1. Field of the Invention
Embodiments of the present invention generally relate to torque load transfer, limitation, and vibration dampening device designs.
2. Description of the Related Art
The increase in power features in vehicles continues to increase power demands from the vehicle's electrical system. As a result, charging and starting units and hybrid motor designs have incrementally increased amperage output to over 200 amps.
The larger starters and alternators combined with more complex engine accessories now found in the serpentine belt system, lead to rotational torque load spikes. These spikes are transferred to the alternator via its pulley. If either not dampened or too high, they can potentially damage the charging unit or other components in the belt system, including the belt itself.
To mitigate some of these problems, vibration dampening pulley designs have been conceived and implemented in charging units. Likewise, larger roll clutch or specially heat treated roll clutch drives have been attempted to carry the larger torque loads. A prominent pulley design relies on the use of a roll clutch mechanism to overrun and absorb loads. Another prominent pulley design relies on the use a combination coil spring and phenolic friction clutch mechanism to overrun and absorb loads.

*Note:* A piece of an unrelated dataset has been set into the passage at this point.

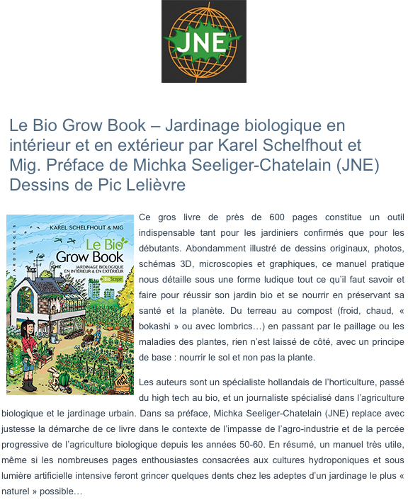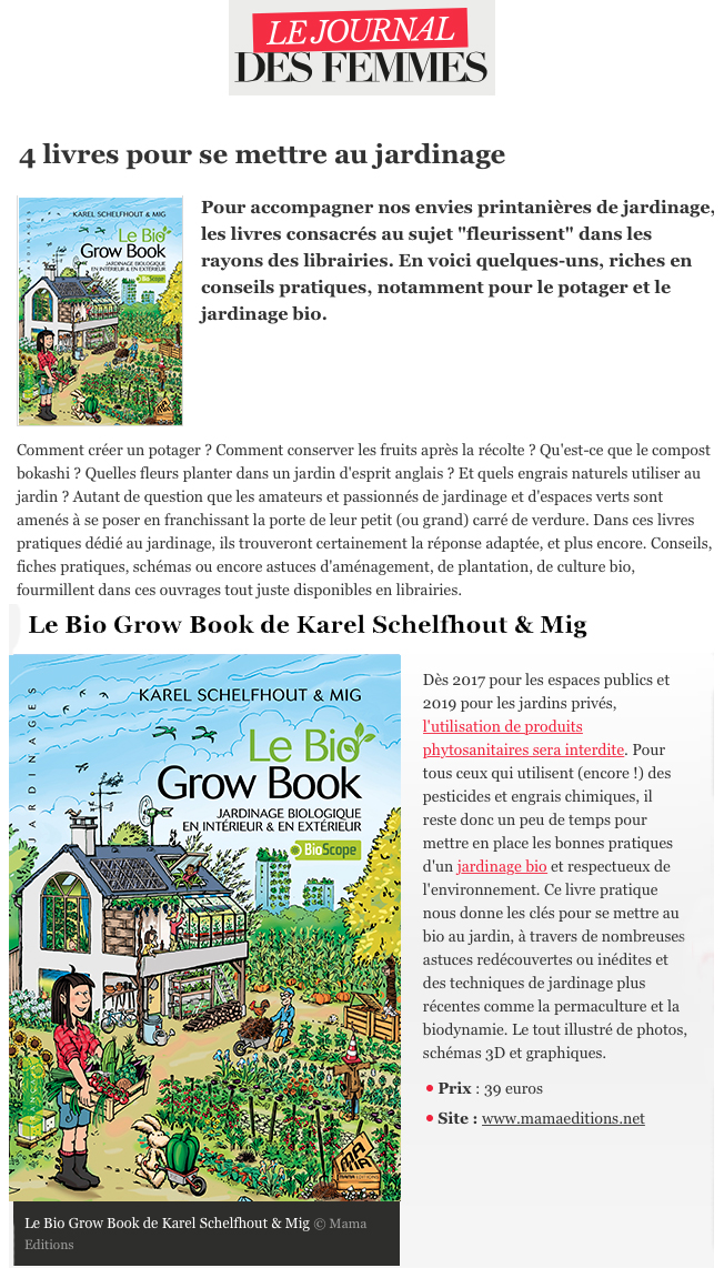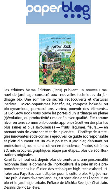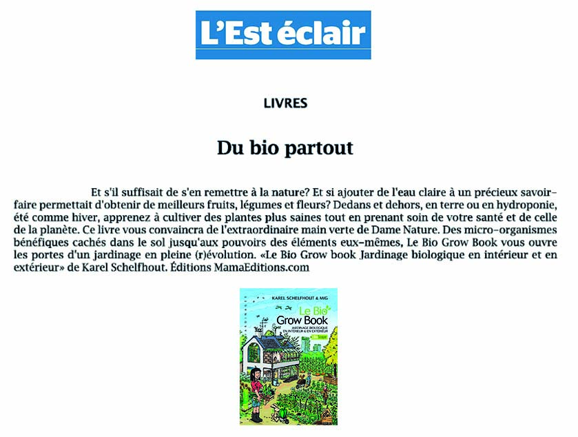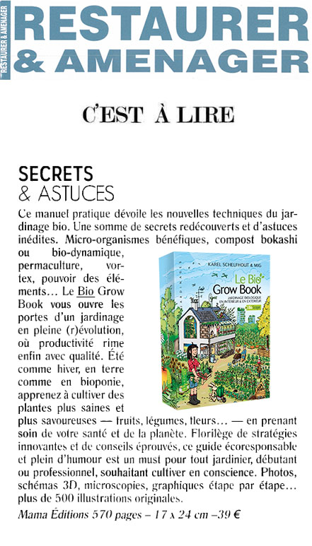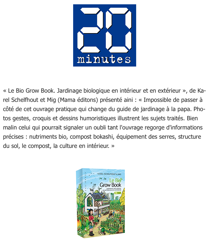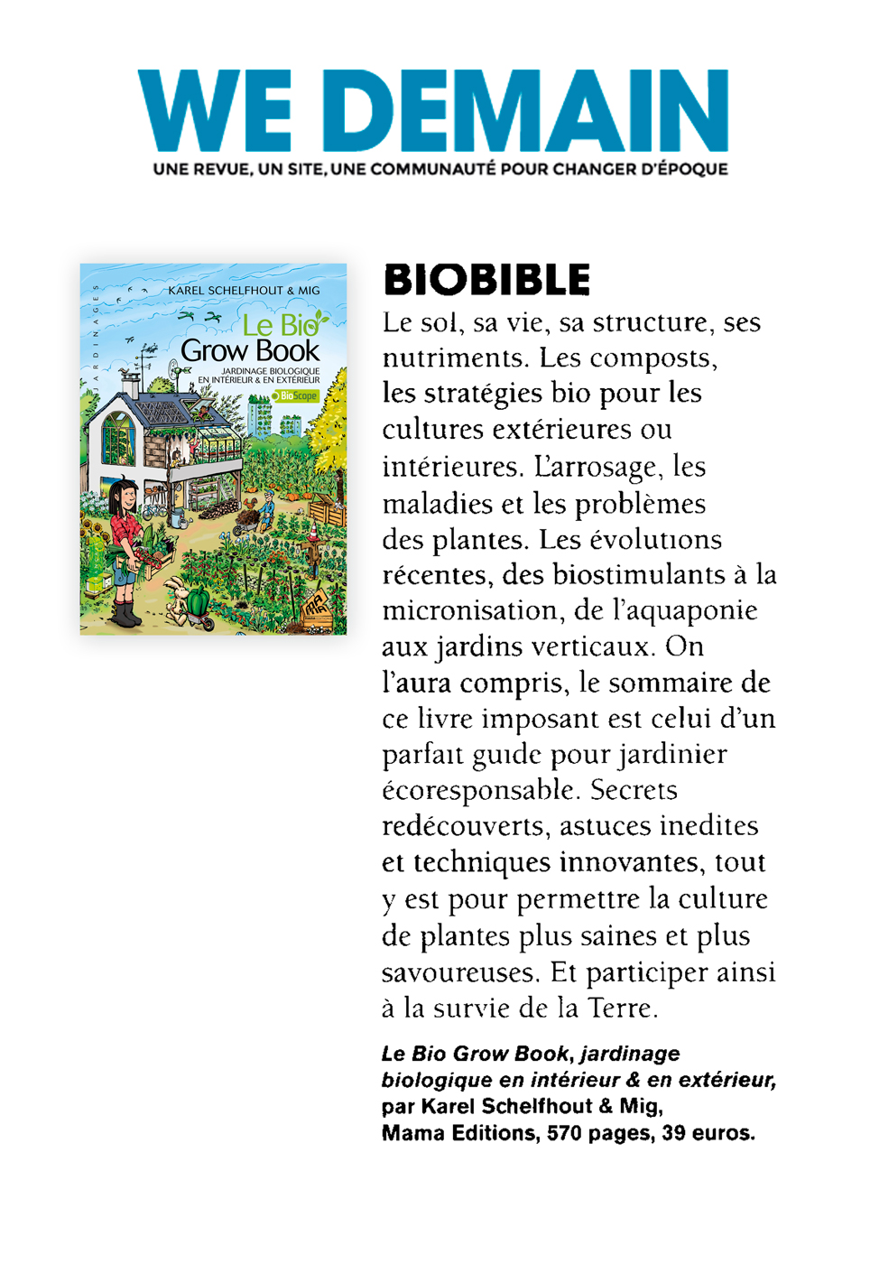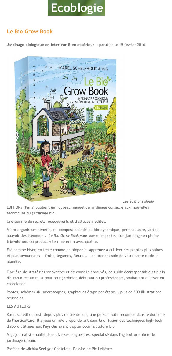Le [Bio Grow Book] est une synthèse bienvenue de toutes les pratiques du jardinage bio, nouvelles ou réinventées avec succès. (...) Les textes sont clairs et étoffés et les photos magnifiques.

However, neither of these designs have proven sufficiently durable for the noted applications. The roll clutch design requires high quality heat treated alloy steel components, tends to overheat and fail after extended overrun conditions, and slips under permanent mechanical deformation when faced with frequent, high torque loads.
The spring and friction clutch mechanism is complex in design, tends to early spring fatigue failures, builds up heat and cracks the clutch mechanism, and is nearly impossible to ascertain its remaining end of life balance without scrupulous technical inspection of the spring metallography and phenolic material conditions.
Thus, a need exists for a simple design that may offer one or more of greater durability, lower heat generation, capability of carrying high torque loads, potentially tunable vibration dampening, tunable to maximum permissible torque loads before elastic (repeatable) slippage, and/or ease of end of life assessment.